Regional Synthetic Water Pollutants Embodied in Trade and Policy Simulations for Mitigating Pollutant Discharge in China

Abstract

Inter-regional trade in commodities causes the flow of water pollutants, referred to as virtual pollutant transfer. However, existing studies usually focus on a single water pollutant and cannot characterize the integrated discharge of multiple ones. As a result, it is impossible to analyze the integrated virtual flow of multiple water pollutants among regions, much less simulate the effects of possible water pollutant reduction scenarios. To this end, we empirically synthesize several water pollutant indicators as a whole and then make it the occupancy in the framework of input–output analysis, which helps us to quantify the virtual transfer of water pollutants and simulate scenarios’ mitigating effects.
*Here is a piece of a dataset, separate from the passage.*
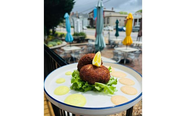 Don't let the clouds keep you from tonight's special, May 13th. Jumbo Crab Cakes Lemon Dill Aioli-Cajun Tartar-2 Sides $30 (GF/DF/AG)
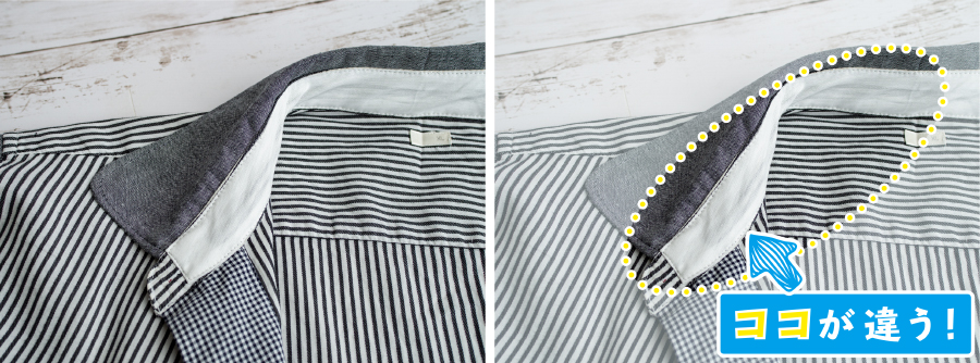 一見、普通のシャツとどこが違うの?という見た目ですが、襟の内側に一工夫!

The constructed indicator is called the synthetic water pollutant (SWP) discharge index. By accounting for SWP and then its virtual flows based on the compiled multi-regional input–output tables, we analyze the temporal and spatial differences in synthetic net virtual transfer of regional multiple water pollutants occurring with inter-regional trade. The results show that the national SWP discharge scale of six water pollutants (chemical oxygen demand, ammonia nitrogen, total nitrogen, total phosphorus, petroleum, and volatile phenol) is falling from 2012 to 2020. The net intake of virtual pollutants has become more concentrated. Central (e.g., Shanxi and Hunan) and western (Xinjiang, Inner Mongolia) China are the central regions of net virtual receiving. The simulation results show that reducing 10% of importing regions’ inputs while cutting 10% of exporting regions’ consumption mitigates the SWP discharge of the entire economic system by 3.45%. The decrease rate is 3.02%, increasing international imports by 10% in all regions. An incremental SWP reduction of 2.75% by reducing SWP discharge per output unit by 10% in the top 10 regions of discharge intensity indicates reducing the SWP discharge intensity is the most direct and effective approach. However, the growth of fixed asset investment in wastewater treatment and its recycling seems to contribute little to achieving China’s policy target of wastewater treatment capacity increase by 2025. This study provides regional results for managing water pollutants in China and a basis for future policymaking.